# Need help with these species! Thanks



## OuiBonjour (Jul 12, 2020)

Hi there, anyone could help me identifying those ?

And could any of those fit in a 40g breeder, either as a species only or as part of a community of cichlid of the same area/lake ?


----------



## DJRansome (Oct 29, 2005)

As discussed in a earlier thread, skip the peacocks for the 36" tank.

1-Peacock
2-Peacock
3-Peacock
4-Peacock
5-Peacock
6-Ram
7-Eartheater. Not sure which one. Some mature at 6" and a pair could work.
8-Peacock
9-Tret or Front. Young specimen. Neither species is good for a 36" tank.
10-Peacock


----------



## OuiBonjour (Jul 12, 2020)

Darn.
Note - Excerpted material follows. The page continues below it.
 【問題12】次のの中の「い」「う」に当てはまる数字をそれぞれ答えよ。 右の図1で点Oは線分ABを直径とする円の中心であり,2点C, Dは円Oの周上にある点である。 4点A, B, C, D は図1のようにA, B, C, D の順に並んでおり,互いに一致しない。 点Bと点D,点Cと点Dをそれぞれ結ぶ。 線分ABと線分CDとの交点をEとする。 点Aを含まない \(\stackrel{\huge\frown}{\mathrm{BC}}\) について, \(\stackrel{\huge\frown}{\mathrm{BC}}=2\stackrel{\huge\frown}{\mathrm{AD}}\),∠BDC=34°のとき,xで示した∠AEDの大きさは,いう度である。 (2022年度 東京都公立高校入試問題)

It seems like most of the ones that have the look I love are Peacocks 

I didn't find any Eartheaters of the right size that fits my tastes except the Tapajos, but I believe I could only have a pair and no other fishes with them in my 36"

Thanks for the help identifying these fish groups. I'll continue to monitor the other thread for stocking suggestions!


----------



## Fogelhund (Dec 3, 2002)

OuiBonjour said:


> Darn. It seems like most of the ones that have the look I love are Peacocks
> 
> I didn't find any Eartheaters of the right size that fits my tastes except the Tapajos, but I believe I could only have a pair and no other fishes with them in my 36"
> 
> Thanks for the help identifying these fish groups. I'll continue to monitor the other thread for stocking suggestions!
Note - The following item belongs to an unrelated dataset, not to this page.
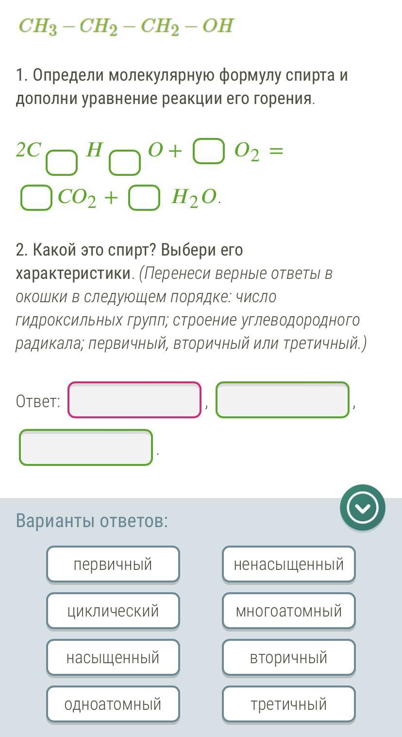 Определи молекулярную формулу спирта и дополни уравнение реакции его горения. Какой это спирт? Выбери его характеристики.

Tapajos can easily grow to 10"+... you don't want them in a 36" tank.


----------



## Mr Chromedome (Feb 12, 2013)

The first 4 are various Peacocks, but #5 is a Gold Ram. This is a South American Dwarf species, tops out around 2.5 inches. They would do well in a planted 40 breeder. Soft water, likes temperatures in the low to mid 80s F.

The next is _Geophagus brasiliensis_, which can be a relatively large aggressive fish. If by Tapajos you mean the _Geophagus_ sp. "Red Head Tapajos", they top out around 8", though most rarely exceed 6". However, they would need at least a 4 foot tank. There are smaller species, mostly rare, but the fairly common Red Hump is one of the smallest, and behaves like a Malawian mouthbrooder.
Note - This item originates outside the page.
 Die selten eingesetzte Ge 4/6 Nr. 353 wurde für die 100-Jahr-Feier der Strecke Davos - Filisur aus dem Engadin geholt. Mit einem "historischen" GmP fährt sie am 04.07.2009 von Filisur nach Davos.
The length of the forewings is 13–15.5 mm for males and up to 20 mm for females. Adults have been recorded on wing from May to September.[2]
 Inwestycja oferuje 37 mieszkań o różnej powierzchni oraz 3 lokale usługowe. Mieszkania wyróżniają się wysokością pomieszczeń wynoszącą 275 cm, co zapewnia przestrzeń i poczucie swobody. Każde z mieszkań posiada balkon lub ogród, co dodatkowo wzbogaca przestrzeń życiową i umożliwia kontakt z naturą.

Then you have another Peacock, followed by a Tanganyikan, _Neolamprologus tretocephalus_. Reputation is for being highly aggressive, I don't think you could keep them in a 40 breeder.

Last fish does not look like a Peacock to me, but Possibly a _Placidochromis_ of some sort. Not my area of expertise, however.


----------



## ken31cay (Oct 9, 2018)

Last one looks like a Protomelas steveni taiwan reef.


----------